> _EXERCISE AIM_: Locate "8月6日,上合国家青年学生在演奏乐器。" in the listing. Transcribe the line that contains it and every line that follows, through the last, omitting all pictures.

> _GIVEN RECORDS_:
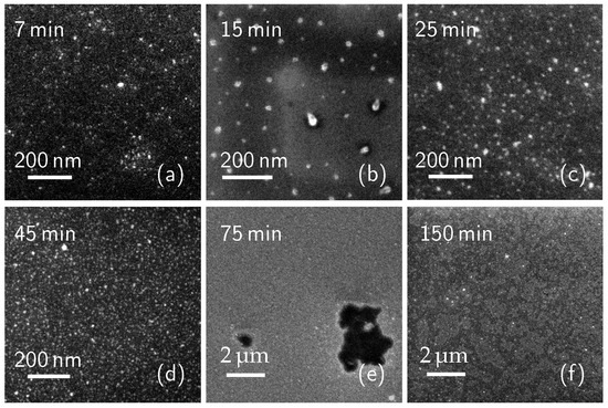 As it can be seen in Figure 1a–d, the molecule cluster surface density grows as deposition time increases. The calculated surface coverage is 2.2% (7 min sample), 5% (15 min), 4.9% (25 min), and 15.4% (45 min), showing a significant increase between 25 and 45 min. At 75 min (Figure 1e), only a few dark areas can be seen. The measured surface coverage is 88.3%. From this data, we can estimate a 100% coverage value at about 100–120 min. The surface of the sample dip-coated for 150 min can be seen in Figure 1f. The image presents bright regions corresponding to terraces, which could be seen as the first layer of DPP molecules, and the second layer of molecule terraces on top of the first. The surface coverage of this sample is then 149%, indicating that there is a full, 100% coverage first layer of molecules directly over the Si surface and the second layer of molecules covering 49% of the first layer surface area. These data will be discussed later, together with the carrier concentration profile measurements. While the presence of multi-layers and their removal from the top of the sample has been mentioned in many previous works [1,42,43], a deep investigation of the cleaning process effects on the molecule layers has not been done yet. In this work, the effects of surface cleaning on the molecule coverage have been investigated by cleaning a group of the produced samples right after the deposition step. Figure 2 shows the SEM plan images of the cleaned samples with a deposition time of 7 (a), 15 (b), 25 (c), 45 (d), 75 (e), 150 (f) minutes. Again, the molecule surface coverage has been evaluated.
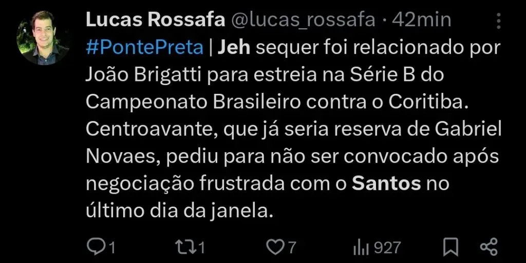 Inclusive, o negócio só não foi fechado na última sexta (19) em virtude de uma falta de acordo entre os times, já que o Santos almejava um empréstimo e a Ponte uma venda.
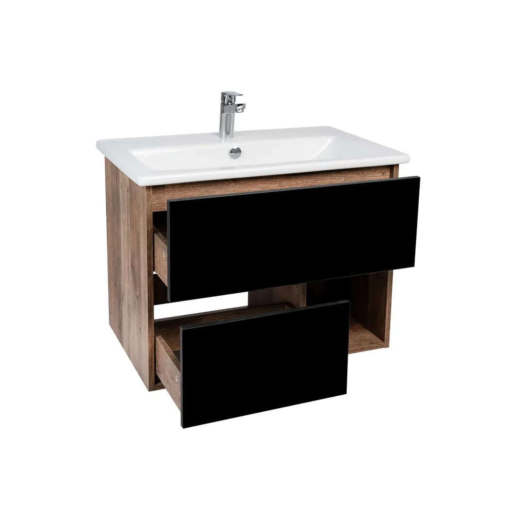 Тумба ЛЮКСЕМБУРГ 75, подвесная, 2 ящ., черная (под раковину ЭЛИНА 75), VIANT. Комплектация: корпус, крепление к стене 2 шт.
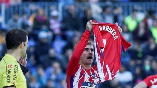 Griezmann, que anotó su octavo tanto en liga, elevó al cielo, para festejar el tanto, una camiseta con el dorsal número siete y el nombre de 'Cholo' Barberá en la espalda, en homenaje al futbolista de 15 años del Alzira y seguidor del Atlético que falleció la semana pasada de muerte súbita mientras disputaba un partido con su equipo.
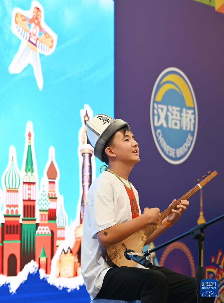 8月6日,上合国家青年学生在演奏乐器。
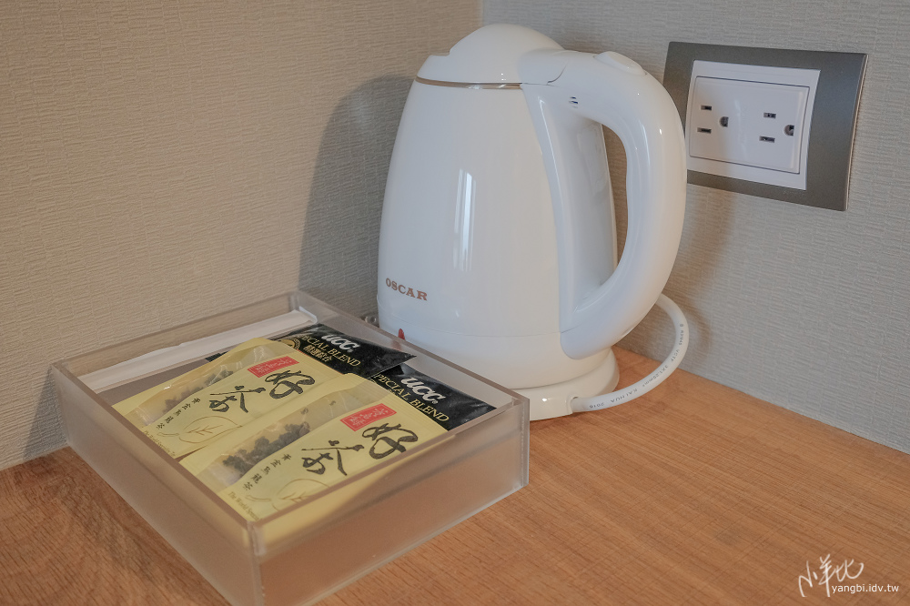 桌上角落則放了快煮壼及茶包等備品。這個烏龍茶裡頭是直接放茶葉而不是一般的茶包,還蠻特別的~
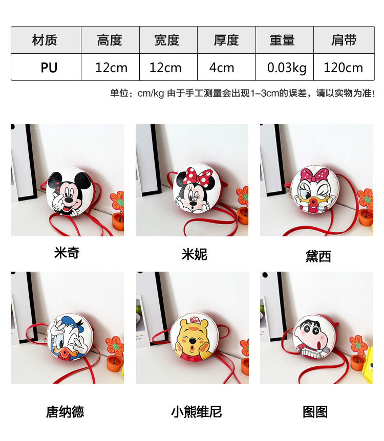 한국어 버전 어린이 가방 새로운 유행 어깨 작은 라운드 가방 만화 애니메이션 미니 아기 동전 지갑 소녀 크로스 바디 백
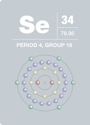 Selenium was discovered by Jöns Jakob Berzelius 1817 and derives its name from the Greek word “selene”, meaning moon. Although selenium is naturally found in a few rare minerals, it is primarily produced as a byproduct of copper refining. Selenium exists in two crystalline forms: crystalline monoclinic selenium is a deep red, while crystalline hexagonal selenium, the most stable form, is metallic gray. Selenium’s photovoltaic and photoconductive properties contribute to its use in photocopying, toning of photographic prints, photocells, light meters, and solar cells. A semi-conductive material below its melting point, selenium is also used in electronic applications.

> _SOLUTION FOR THIS PROBLEM_:
 8月6日,上合国家青年学生在演奏乐器。
 桌上角落則放了快煮壼及茶包等備品。這個烏龍茶裡頭是直接放茶葉而不是一般的茶包,還蠻特別的~
 한국어 버전 어린이 가방 새로운 유행 어깨 작은 라운드 가방 만화 애니메이션 미니 아기 동전 지갑 소녀 크로스 바디 백
 Selenium was discovered by Jöns Jakob Berzelius 1817 and derives its name from the Greek word “selene”, meaning moon. Although selenium is naturally found in a few rare minerals, it is primarily produced as a byproduct of copper refining. Selenium exists in two crystalline forms: crystalline monoclinic selenium is a deep red, while crystalline hexagonal selenium, the most stable form, is metallic gray. Selenium’s photovoltaic and photoconductive properties contribute to its use in photocopying, toning of photographic prints, photocells, light meters, and solar cells. A semi-conductive material below its melting point, selenium is also used in electronic applications.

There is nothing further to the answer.